Task instructions —
Write out the entries exactly, leaving out every picture.

* * *

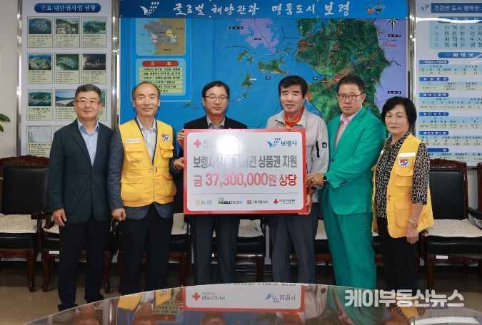 케이부동산뉴스 | 보령시는 26일 시장실에서 김동일 시장과 충남적십자사 박상규 사무처장, 봉사회 이흥원 보령지구협의회장, 전국이통장연합회 박종환 보령시지회장 등이 참석한 가운데 산불피해 지원 성금 전달식을 가졌다.
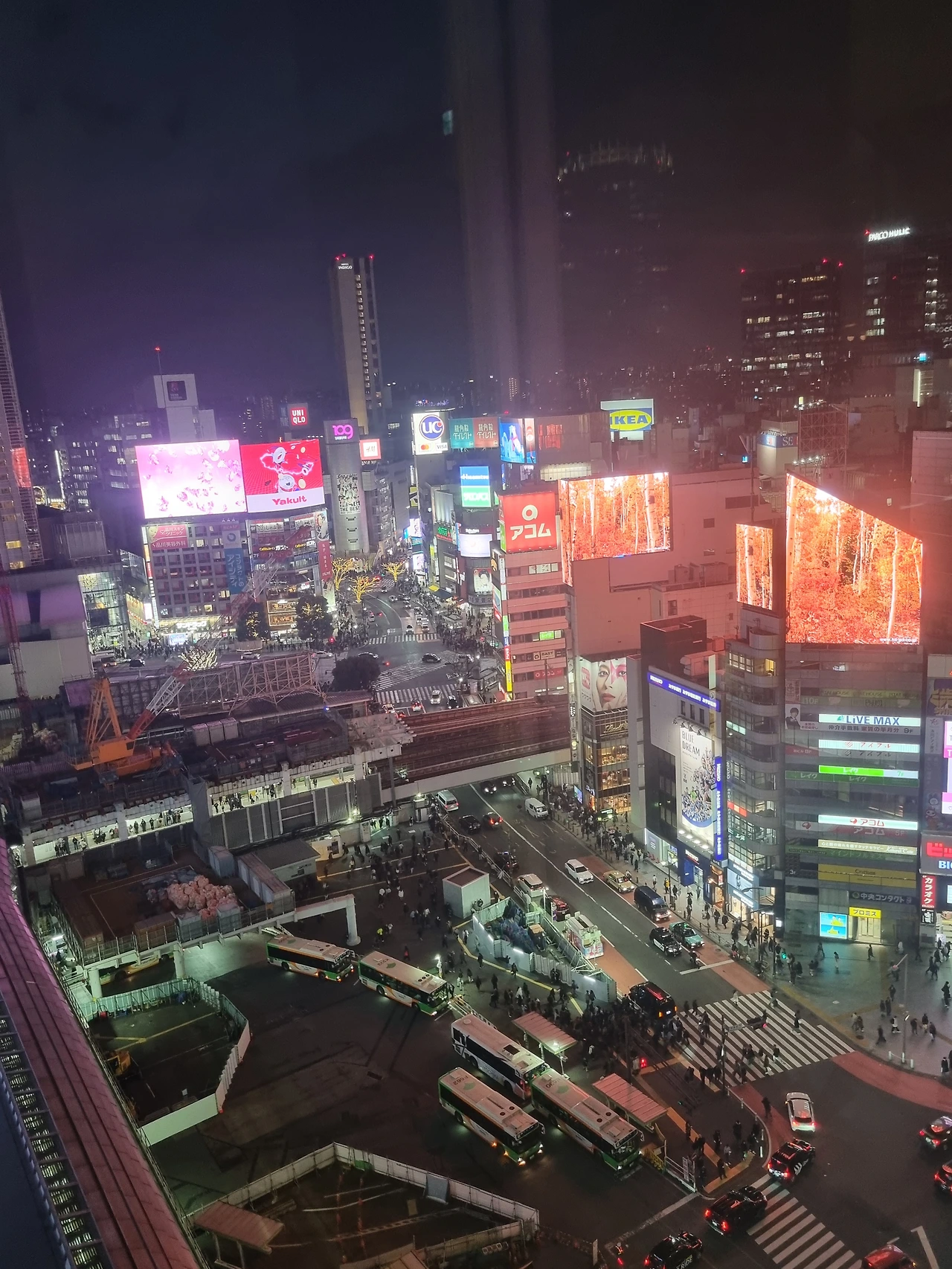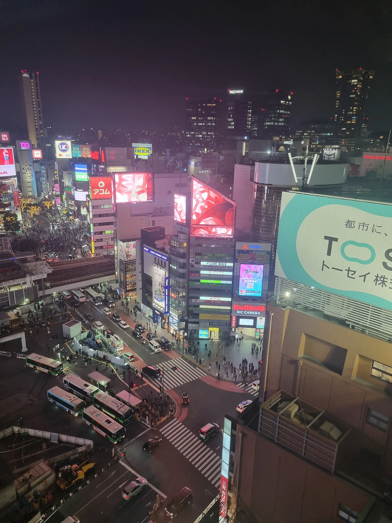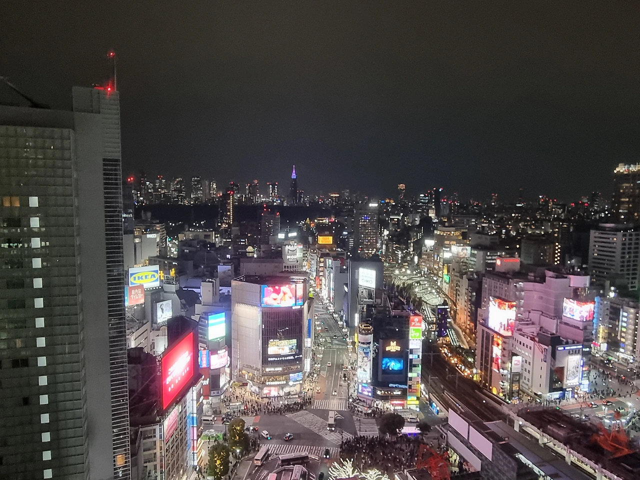 야경이 정말 장관이었다. 너무 멀지도 않고, 너무 가깝지도 않은 최적의 높이였다. 전반적인 시부야가 조망되면서도 단일한 자동차와 사람들 하나의 움직임에도 집중할 수 있는 최적의 시야.
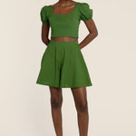 Introducing The Co-Ord in Green, a stylish and sustainable set made from organic cotton. The puffy short sleeves and flared skort create a feminine and flirty look, perfect for summer.
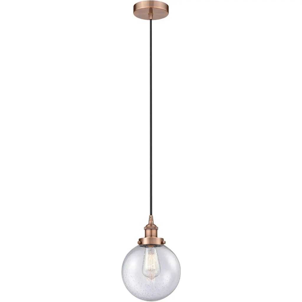 Edison White Venetian 1 Light 10 Inch Antique Copper Cord Hung Mini Pendant Ceiling Light
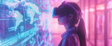 A young woman wearing a VR headset in a futuristic room with colorful neon lights She is engaged with a digital interface displaying world maps
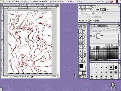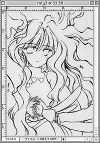 てきとうな大きさのコピー用紙に下書きします。私はA5サイズが定番。 それを清書して(最近はふでペン。三菱の親子ふでペンがお気に)、スキャンします。 使用スキャナは、エプソンのGT-8000!何!まっくんで動くハズがないと!?ハイ。スキャンは旧Macはセントリス650のせんちゃんでやってます。 白黒写真で解像度は240。72パーセントで取り込んでます。で、MOでまっくんに移してみました(写真)。 |
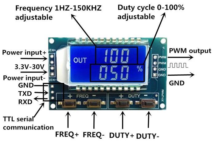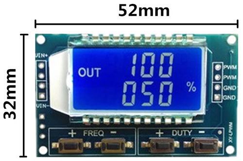 Generátor obdélníkového signálu 1Hz-150kHz s možností změny střídy vrozsahu 0–100% s LCD displejem.
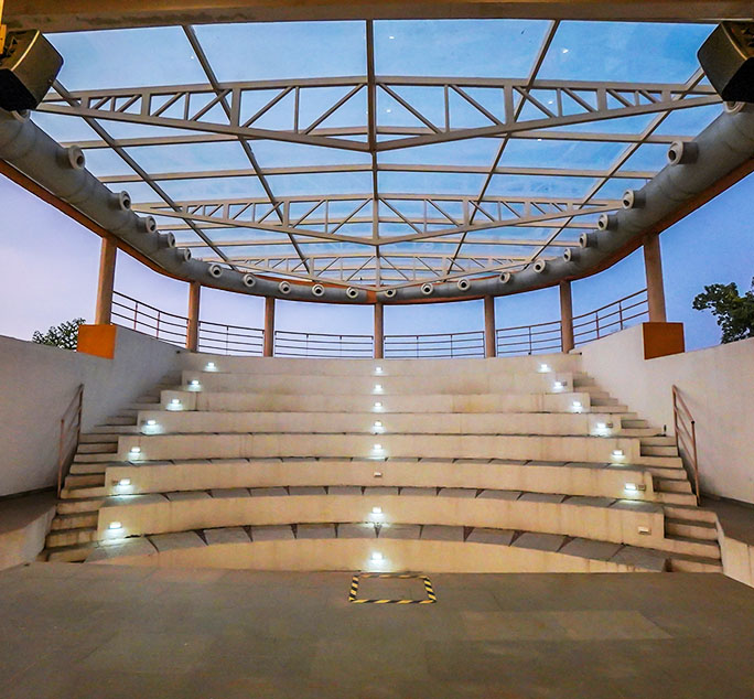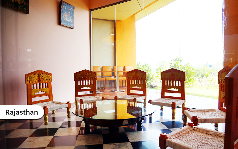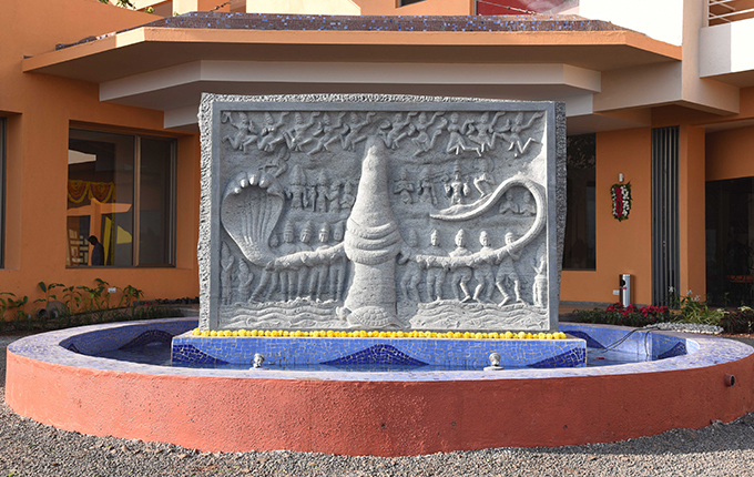 Kautilya offers a world class learning facility with 57 residential rooms, 3 large modern state of the art learning spaces, an amphitheatre, 10 internationally themed discussion rooms, a gym, a sports lounge and a walking track. As you enter Kautilya, a custom-made granite panel depicting Samudra Manthan welcomes you to your personal Manthan & Chinthan. At the discussion space, the Trimurti will welcome you with Tridevis and Arthanariswara, reminding you of the immense integrated power you possess.
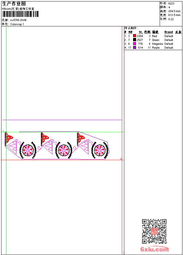 - emb花版参数: 大小:51.00 KB / 尺寸:614*205[毫米] / 针数:6223针 / 线色:4 / 格式:emb / 版本:9
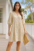 The natural beige-and-white print brings a warm, modern touch—perfect for pairing with slides, sneakers or a woven tote for your everyday coastal look. Side pockets give you effortless practicality, while the billowy sleeves and floaty skirt drape beautifully on all body shapes.
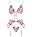 De lingerie set bestaat uit een beugelloze bh, lage string en bijpassende jarretelgordel met een romantisch bloemenborduurwerk uitgevoerd in de kleur roze.

* * *

Result of this task —
 케이부동산뉴스 | 보령시는 26일 시장실에서 김동일 시장과 충남적십자사 박상규 사무처장, 봉사회 이흥원 보령지구협의회장, 전국이통장연합회 박종환 보령시지회장 등이 참석한 가운데 산불피해 지원 성금 전달식을 가졌다.
 야경이 정말 장관이었다. 너무 멀지도 않고, 너무 가깝지도 않은 최적의 높이였다. 전반적인 시부야가 조망되면서도 단일한 자동차와 사람들 하나의 움직임에도 집중할 수 있는 최적의 시야.
 Introducing The Co-Ord in Green, a stylish and sustainable set made from organic cotton. The puffy short sleeves and flared skort create a feminine and flirty look, perfect for summer.
 Edison White Venetian 1 Light 10 Inch Antique Copper Cord Hung Mini Pendant Ceiling Light
 A young woman wearing a VR headset in a futuristic room with colorful neon lights She is engaged with a digital interface displaying world maps
 てきとうな大きさのコピー用紙に下書きします。私はA5サイズが定番。 それを清書して(最近はふでペン。三菱の親子ふでペンがお気に)、スキャンします。 使用スキャナは、エプソンのGT-8000!何!まっくんで動くハズがないと!?ハイ。スキャンは旧Macはセントリス650のせんちゃんでやってます。 白黒写真で解像度は240。72パーセントで取り込んでます。で、MOでまっくんに移してみました(写真)。 |
 Generátor obdélníkového signálu 1Hz-150kHz s možností změny střídy vrozsahu 0–100% s LCD displejem.
 Kautilya offers a world class learning facility with 57 residential rooms, 3 large modern state of the art learning spaces, an amphitheatre, 10 internationally themed discussion rooms, a gym, a sports lounge and a walking track. As you enter Kautilya, a custom-made granite panel depicting Samudra Manthan welcomes you to your personal Manthan & Chinthan. At the discussion space, the Trimurti will welcome you with Tridevis and Arthanariswara, reminding you of the immense integrated power you possess.
 - emb花版参数: 大小:51.00 KB / 尺寸:614*205[毫米] / 针数:6223针 / 线色:4 / 格式:emb / 版本:9
 The natural beige-and-white print brings a warm, modern touch—perfect for pairing with slides, sneakers or a woven tote for your everyday coastal look. Side pockets give you effortless practicality, while the billowy sleeves and floaty skirt drape beautifully on all body shapes.
 De lingerie set bestaat uit een beugelloze bh, lage string en bijpassende jarretelgordel met een romantisch bloemenborduurwerk uitgevoerd in de kleur roze.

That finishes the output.